Suicide by Star Wars Apocrypha: Return of the Plot

(Suicide by Star Wars Apocrypha is a foolish attempt to examine the entirety of the now decanonized Star Wars Expanded Universe and quantify its assorted artistic merits. Read the introduction. Check out the archives.)

Dueling Ambitions


Author: John Jackson Miller

Artist: Brian Ching

Medium: Comic

Publication Date: March – May 2009

  • Reprinted April 2014 in Star Wars Omnibus: Knights of the Old Republic Volume 3

Timeline Placement: 3,963 BBY

Series: Knights of the Old Republic #39-41

The next stop on our journey through the Expanded Universe is a topic that has been central to the themes and messages of Star Wars since the beginning: slavery!

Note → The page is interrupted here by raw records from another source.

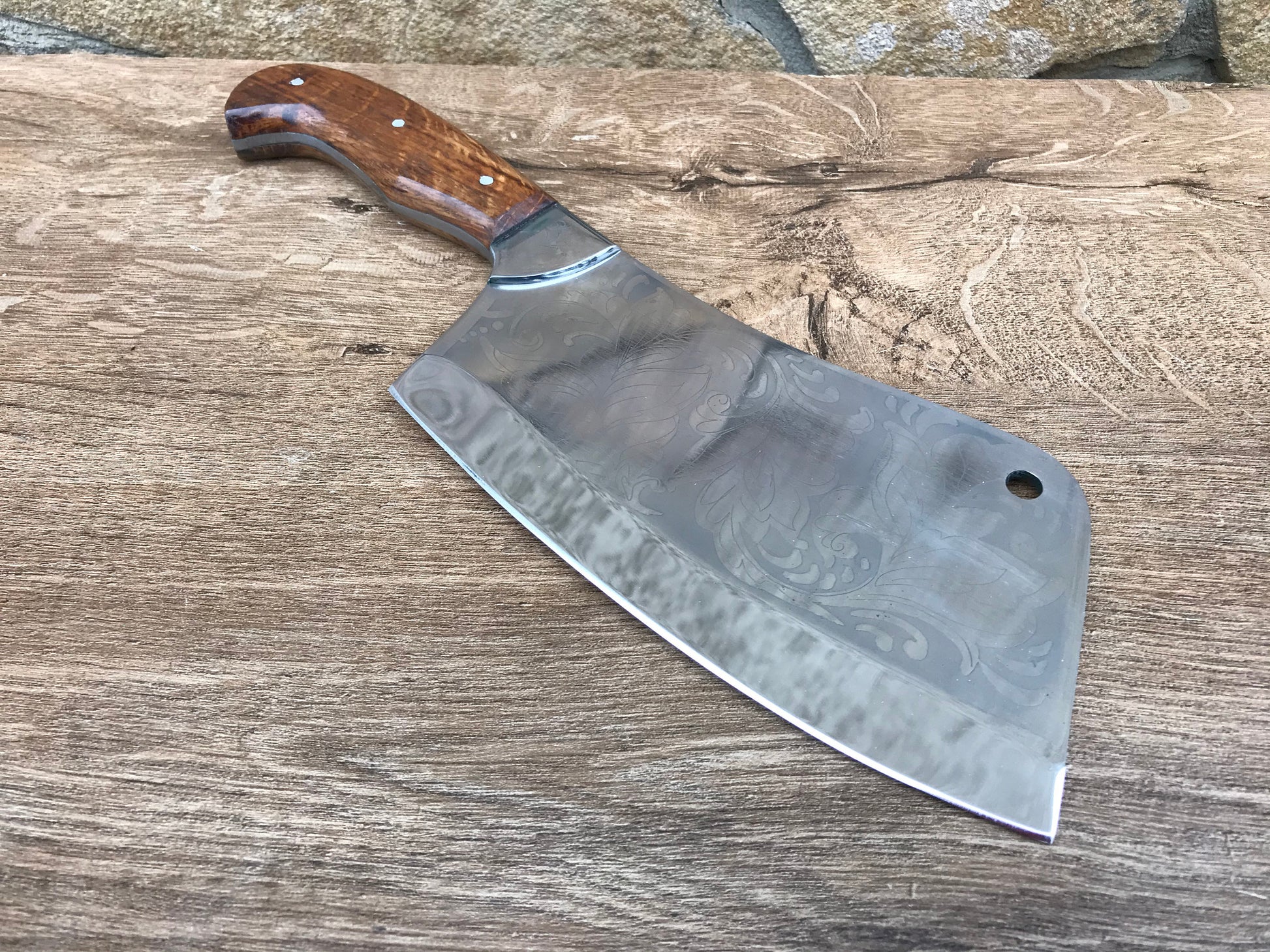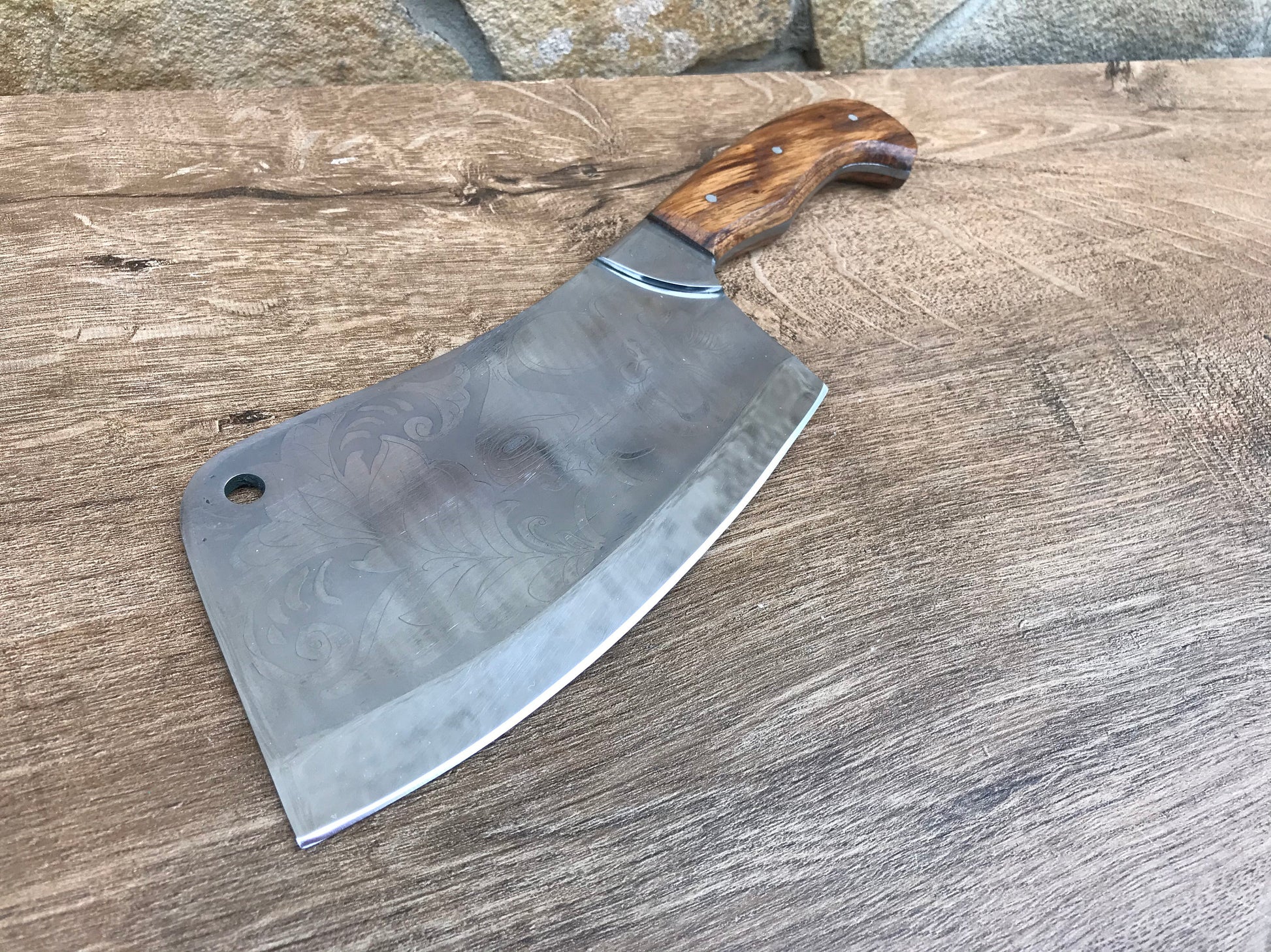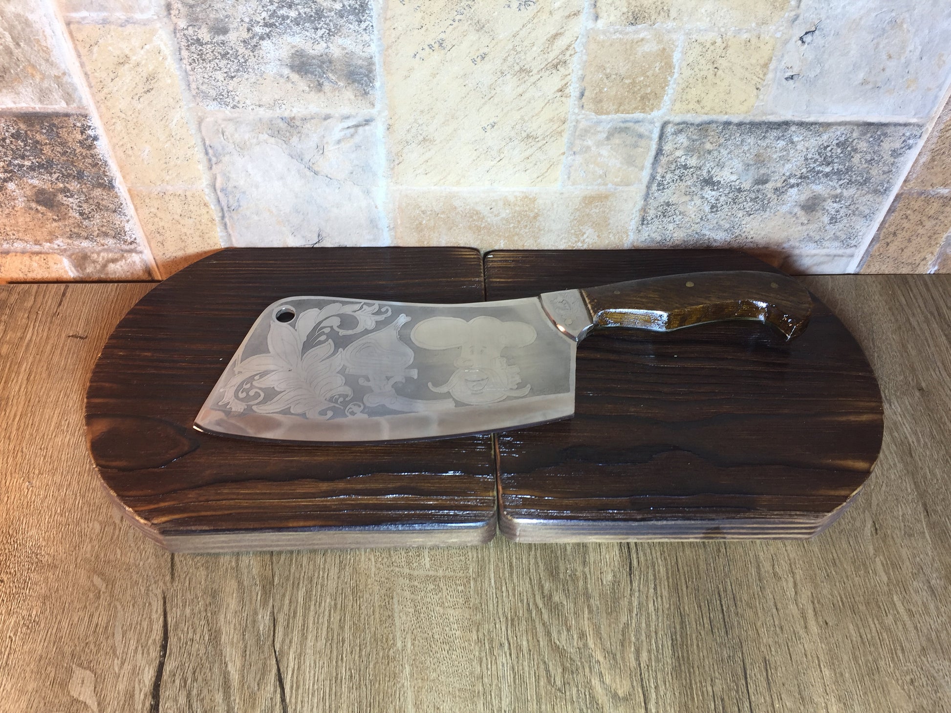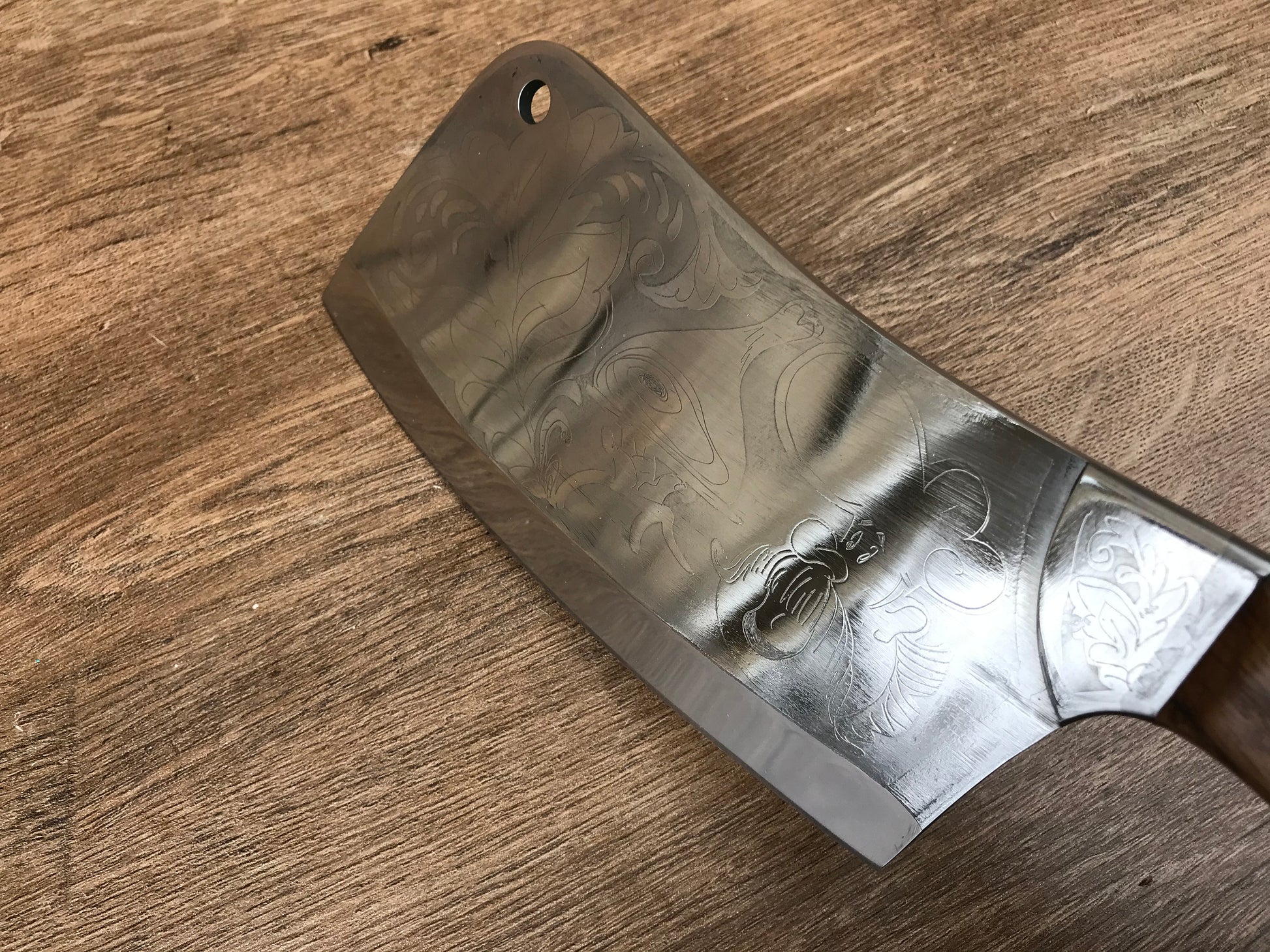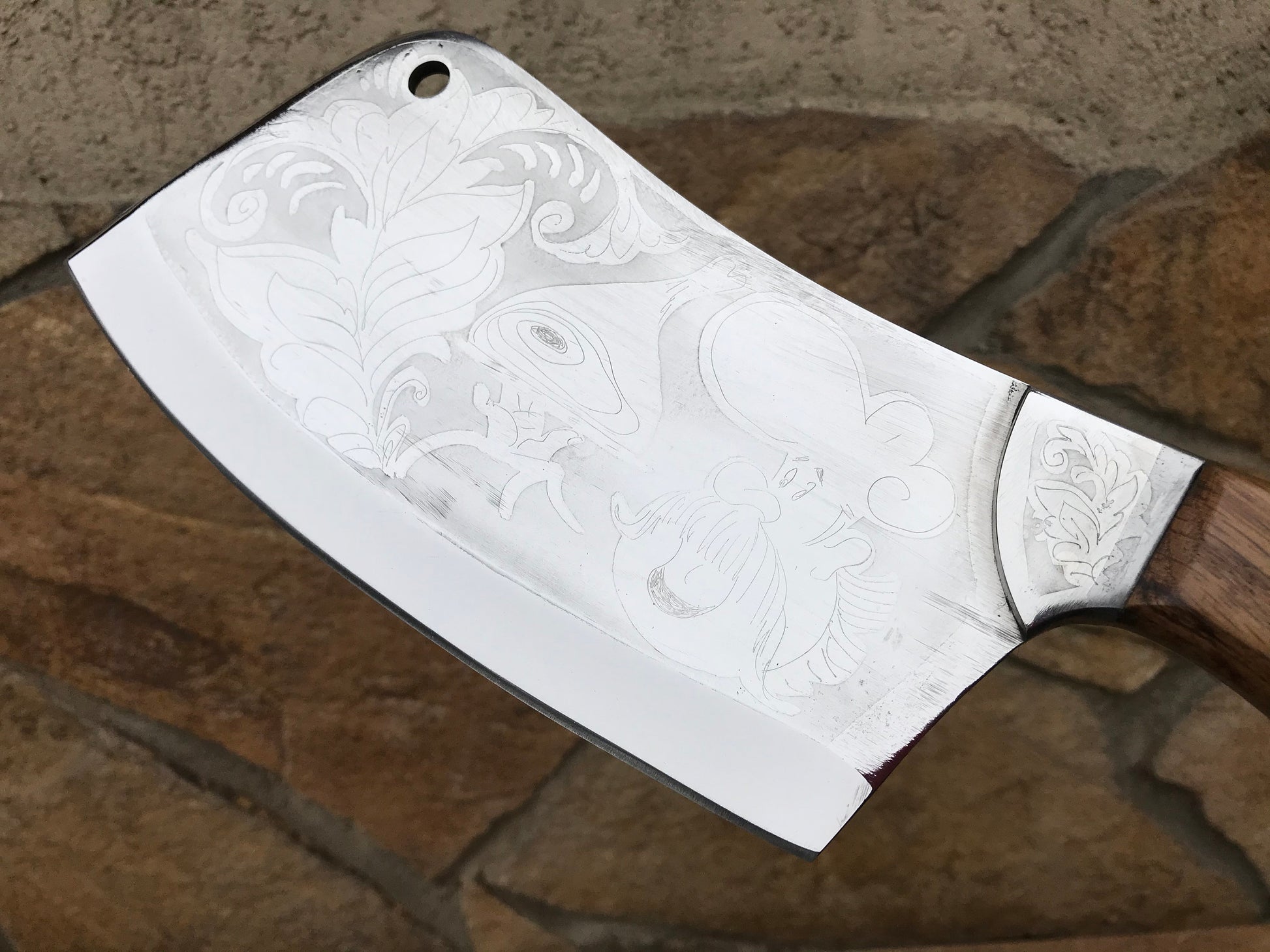 Here is a butcher knife/kitchen knife. It has a nice engraving from both sides of a blade (on one side - flowers and leaves, on the other side - a cooker holding a plate with a chicken and some flowers) . It looks very decorative and it is a universal cool gift! It will be your best kitchen knife!
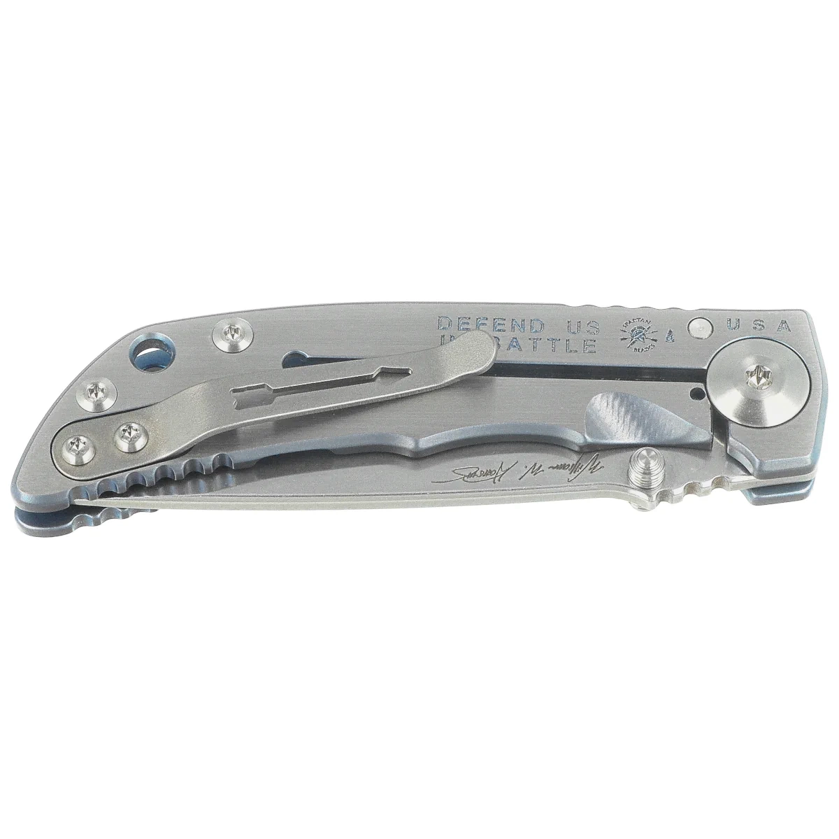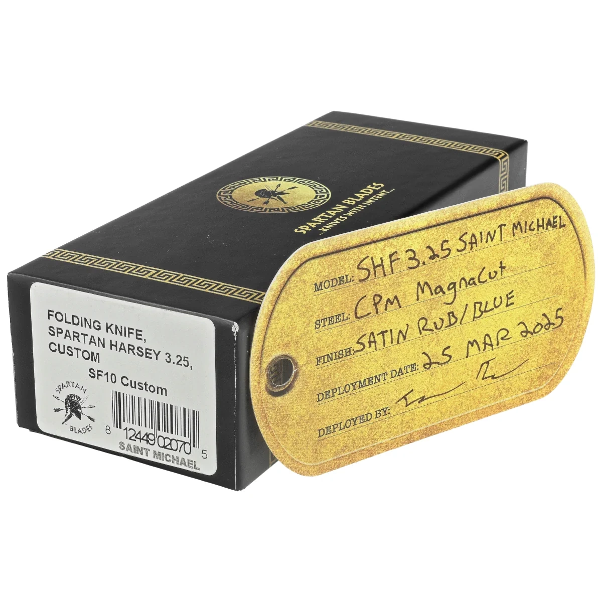 Spartan Harsey Folder 3.25 Special Edition "Saint Michael'' Satin Rub/Blue Titanium, Gray HW, Stonewashed. "Spartan Harsey Folder 3.25 St. Michael" lub "SHF 3.25 St. Michael" to limitowana edycja noża składanego, stworzonego według autorskiego projektu słynnego mistrza nożownictwa - Billa Harseya. Zdobywcy nagrody American Made Knife of The Year 2016 na targach nożowych Blade Show w Atlancie.
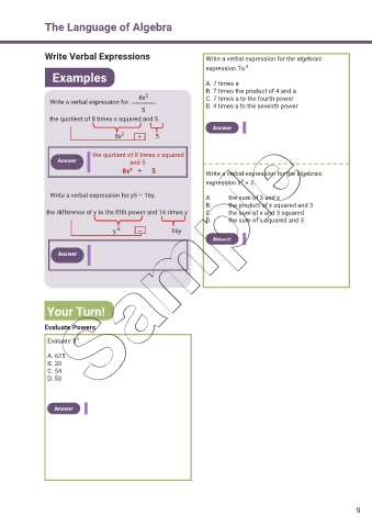 8x² ÷ 5 Write a verbal expression for the algebraic
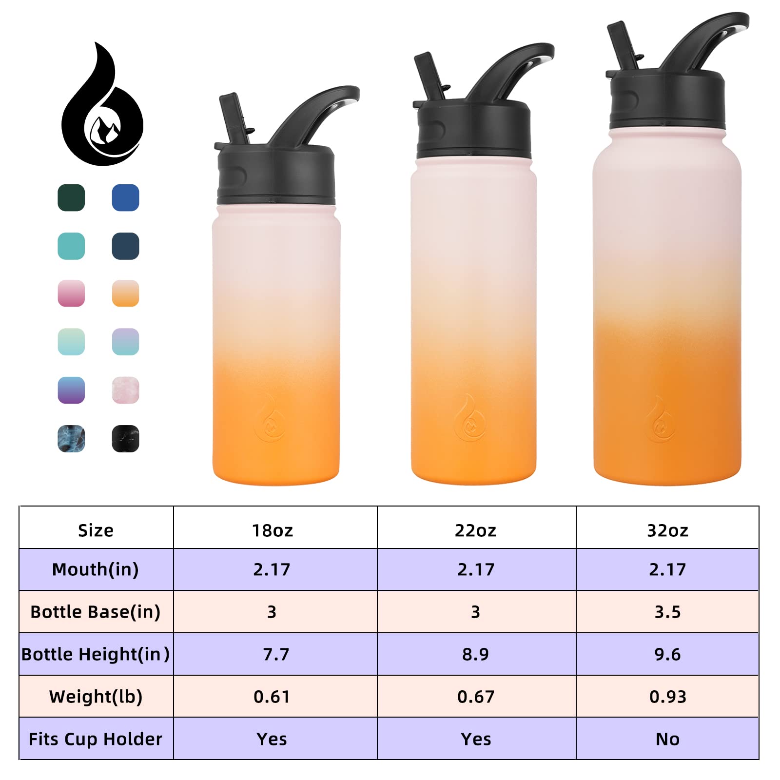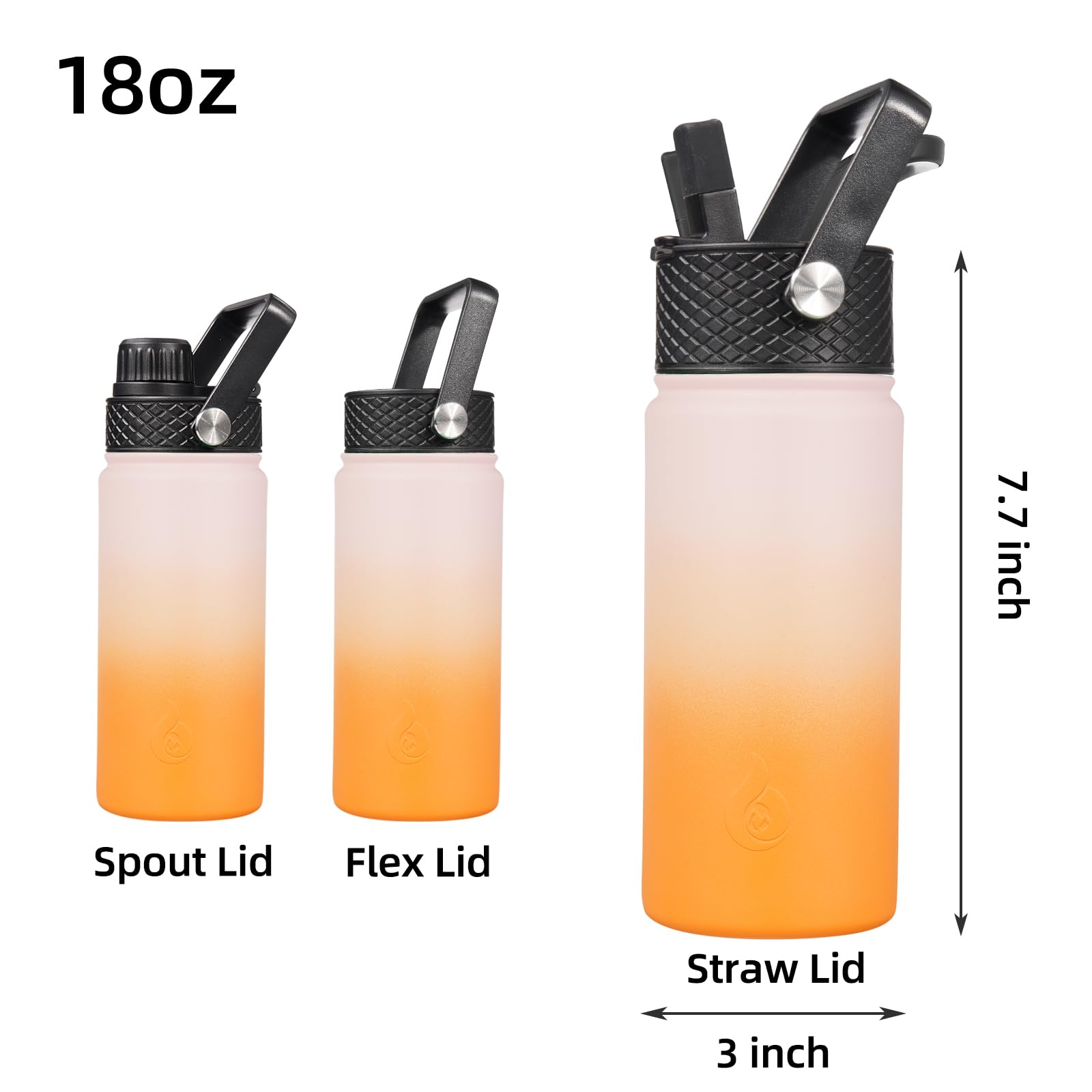 BJPKPK Insulated Water Bottles with Straw Lid, 18oz Stainless Steel Metal Water Bottle, Cold Hot Thermo with 3 Lids, Leak Proof BPA Free Travel Cup, Wide Mouth Flasks, Thermo -Coral

The Scooby Gang stops off at the planet Pantolomin to check out the big swoopduels, which is where professional athletes fight each other while riding around at high speeds on swoop bikes and/or dragons. Apparently Zayne is a huge sports nerd—who knew?—and is psyched out of his mind to see his lifelong hero, horned Gotal swoopduelist Goethar Kleej, the only competitor to win the Solo Aerials four years in a row. Are you excited yet?

The duels are operated by an entertainment company called the Franchise, which judging by its name is probably run by some guy called Lord Business. To no one’s surprise, however, things are not as swell as they appear. It turns out that in Goethar’s victory speech he exposed the Franchise as an evil organization who kidnaps and enslaves people for their games, forcing them to live in horrible, violent conditions until they prove themselves worthy of rising to the big leagues. The Franchise used magic to edit his live speech into a generic declaration about sportsmanship and gratitude, though.


Goethar hopes the Franchise will punish him by sending him back to the pits so he can be with his autistic son, but he’s told that his son, Aubin, has already been promoted to the championship level. The only way he can stop his kid from getting killed is by entering the tournament himself to protect him.

Meanwhile, Rohlan has gotten bored and left the Hot Prospect to wander aimlessly. He’s immediately accosted by security for being an enemy combatant in a galactic war, but Gryph quickly explains that Rohlan is actually a duelist dressed like a Mandalorian for novelty’s sake. So now Rohlan is a contestant in the swoop duels. This is actually a lot funnier than it sounds.

While Rohlan’s prep team is buffing his armor backstage, Zayne comes to see him and randomly bumps into Goethar Kleej. Before he can even ask for his hero’s autograph, however, Goethar is like, “Hey, you’re Zayne Carrick, the famous not-murderer. ENTER THIS SPORTS COMPETITION TO PROTECT MY SON OR I WILL EAT YOUR FACE!!!”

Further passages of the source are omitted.